Introduction

The developments in cancer treatments over the last few decades have resulted in greatly increasing numbers of survivors. However, this has come at a cost, with many patients suffering long-term adverse effects of their life-saving treatment. The ovaries are particularly susceptible to damage by chemotherapy and radiotherapy with the type and dose of therapy and age of the patient influencing the extent of the injury [1, 2]. Loss of fertility is a major concern for young women facing potentially sterilising treatment [3]; one study found that almost three quarters of female cancer survivors of reproductive age have concerns regarding infertility and that survivors with irregular menses reported a lower quality of life than those with regular menstrual cycles [4]. Recent years have consequently seen significant developments in approaches to preserve fertility in those women and girls who are at risk of undergoing treatment-related premature ovarian insufficiency (POI) [5].

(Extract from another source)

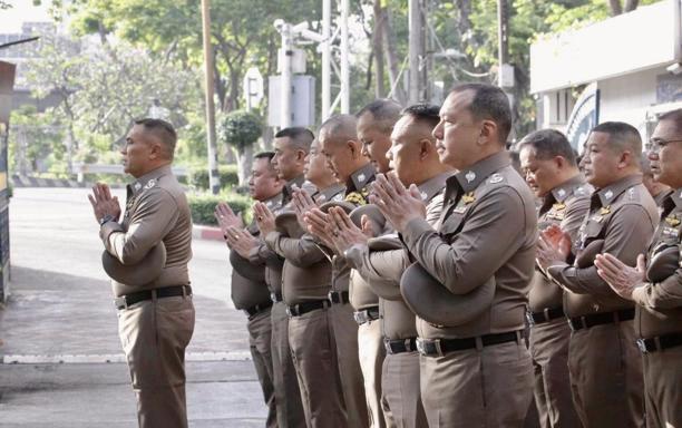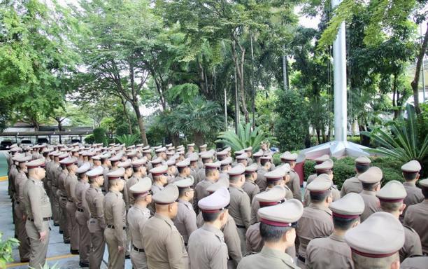 สวดมนต์ กล่าวคำปฏิญาณตนของตำรวจ กล่าวอุดมคติตำรวจ และ “ประกาศเจตนารมณ์เราไม่ใช่องค์กรอาชญากรรม”
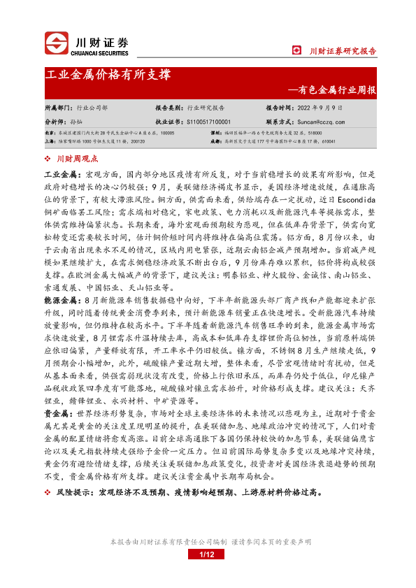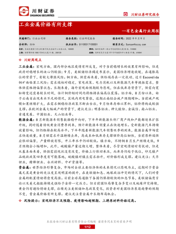 【川财证券】【20220909】20220909-川财证券-有色金属行业周报:工业金属价格有所支撑-12页

Embryo and oocyte cryopreservation are now established fertility preservation strategies [2, 5]; however, these are not appropriate in pre-pubertal girls, and in adult women the necessary ovarian stimulation may delay the start of cancer treatment. Ovarian tissue cryopreservation remains the only option in these situations. This approach was first validated in a large animal model [6] and has been offered to selected patients since 1993 [7]. The first human live birth as a result of ovarian cortex re-implantation was reported over a decade ago [8], and since then, there have been at least 60 live births described globally [9]. Yet, it is still regarded as an experimental technique with an uncertain success rate. We here describe the first human ovarian cortex re-implantation in the UK and report resumption of ovarian function resulting in a natural conception and pregnancy.

Methods

The patient was first referred to the Fertility Preservation service in Edinburgh, UK, at 22 years of age for discussion of ovarian cortex cryopreservation. She was a nulliparous, non-smoker with a normal body mass index and a past medical history of juvenile rheumatoid arthritis. She had presented with a right-sided abdominal mass at 21 years old and diagnosed with a stage 1 adult Wilms tumour of the right kidney. Following a right nephrectomy and adrenalectomy, she received adjuvant chemotherapy in the form of 5 cycles of vincristine and actinomycin D, following which her menstrual cycles continued. However, 3 months later, she had a recurrence of the tumour in the right renal bed, and a CT scan detected multiple pulmonary metastases. As the proposed treatment was deemed to be gonadotoxic, she was counselled regarding fertility preservation options. She elected for ovarian cortex cryopreservation, and 5 months following initial chemotherapy, she underwent laparoscopic removal of 18 biopsies of ovarian cortex from the left ovary with subsequent slow freezing [6] and long-term storage in the vapour phase of liquid nitrogen, with informed consent and ethical committee approval of the protocol. A piece of ovarian cortex sent for histopathological analysis showed the presence of a single primordial follicle, a corpus albicans, normal ovarian stroma and no evidence of malignant contamination (Fig. 1).

Fig. 1
figure 1

Biopsy of ovarian cortex removed at the time of ovarian cortex cryopreservation demonstrating a single primordial follicle with two nucleoli surrounded by normal ovarian stroma. The patient had already received non-sterilising chemotherapy prior to this biopsy

Subsequently, she received curative treatment consisting of chemotherapy comprising carboplatin (area under the curve (AUC) 10; 3 doses), etoposide (200 mg/m2; 9 doses), cyclophosphamide (500 mg/m2; 12 doses) and doxorubicin (30 mg/m2; 6 doses), resection of the recurrent tumour including partial hepatectomy, an autologous peripheral blood stem cell transplant (PBSCT) with pre-conditioning using high-dose melphalan (200 mg/m2; 1 dose) and radiotherapy. She received radiotherapy to the whole of both lungs (with a boost to the residual tumour sites) and to the right flank. The lower (inferior) border of the flank radiotherapy was the inferior edge of L2, and it extended from midline to the right lateral abdominal wall. The total dose to this region was 3000 cGy with the estimated dose to the right ovary being 100 cGy. The uterus was not in the field of radiation. This was followed by bilateral lower lobe resection of both lungs, with pathology showing no residual disease. These treatments induced POI, which was diagnosed by the presence of amenorrhoea, elevated gonadotrophins (follicle stimulating hormone (FSH) >100 IU/L and LH 53.1 IU/L) and low estradiol (E2; <70 pmol/L). Similar hormone measurements were obtained on repeat sampling, and hormone replacement therapy was commenced in the form of a combined oral contraceptive pill (COCP).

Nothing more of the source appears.